May 23rd, 2011
05:04 PM ET

Preacher now says end of the world will happen in 5 months

By Kim Hutcherson and Dan Gilgoff, CNN

(CNN) - Harold Camping is sticking to his apocalyptic guns.

In his first radio broadcast since his doomsday prediction failed to pan out in a spectacularly public fashion, the California preacher insisted his was an error of interpretation, not fact.

What's more, he has another calculation for the day the world will end - October 21, 2011.

Camping had kept a low-profile since Saturday, the day he had forecast for the return of Jesus Christ to Earth. He and his devoted followers have been warning for months that on May 21, a select 2% to 3% of the world's population would be taken to heaven. Those left behind would face months of tribulation before perishing in the Earth's destruction, which Camping said would happen on October 21.

This is the basis for his new prediction, which Camping claims is not new at all. He told listeners on his Family Radio broadcast Monday that God is "loving and merciful," and had decided not to punish the humanity with five months of destruction.

But he maintains that the end of the world is still coming.

"We've always said October 21 was the day," Camping said during his show. "The only thing we didn't understand was the spirituality of May 21. We're seeing this as a spiritual thing happening rather than a physical thing happening. The timing, the structure, the proofs, none of that has changed at all."

However, Camping said his group would not be mounting another advertising push. In the months leading up to May 21, Family Radio billboards popped up across the country, warning that the end was near.

"We're not going to be passing out tracts," Camping said. "We're not going to put up any more billboards. We're not going to be advertising in any way. The world has been warned. We did our little share and the media picked it up. But now the world has been told, it's under judgment."

Fred Store, who led one of four RV caravans that toured the country in recent months to spread the word about judgment day, said he and other followers heard Camping's broadcast "and we were quite happy - it will be interesting to see what the next couple of months will bring."

"It appears as though this whole [rapture] thing happened in a spiritual, rather than a physical way," said Store, 66. The retired electrician said that he and the other nine members of his five-RV caravan were still at an RV park where they waited for the rapture to arrive on Saturday.

He said the park was within 100 miles of Boston, Massachusetts, but didn't want to disclose the specific location.

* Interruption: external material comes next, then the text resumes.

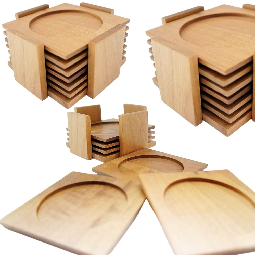 Opis: Stylowy komplet sześciu drewnianych podstawek pod szklanki, które pomagają zadbać o estetykę i higienę podczas posiłków. Podstawki są łatwe do czyszczenia, a dzięki wygodnemu stojakowi łatwo się je przechowuje.

He said the caravan was waiting for word from Camping's ministry, Family Radio, about arranging the return of the vehicles to the broadcaster's Oakland, California, headquarters.

Store said he and the others in his caravan were not disappointed that the dramatic events associated with the rapture had not come to pass.

"We think that judgment day did happen," he said. "It didn’t result in an earthquake, and there were a number of things that weren't exactly the way we said they would be, but we were only reading from the Bible.  We’ve been humbled by the whole experience."

Camping founded Family Radio, a nonprofit Christian radio network with about 65 stations across the country, in 1958. It received $80 million in contributions between 2005 and 2009.

He first inaccurately predicted the world would end in 1994. Despite his poor track record, he has gathered many followers. Some gave up their homes, entire life savings and jobs because they believed the world was ending.

Reporters who were allowed to ask questions during the broadcast Monday pressed Camping on this issue, but he would not admit that he bore any blame for his followers' predicaments.

"I don't have any responsibility," Camping said. "I'm only teaching the Bible. I'm telling ... this is what the Bible says. I don't have spiritual rule over anybody ... except my wife as the head of the household."

Experts in apocalyptic movements said that reinterpretations like Camping's are not uncommon in the wake of failed doomsday predictions.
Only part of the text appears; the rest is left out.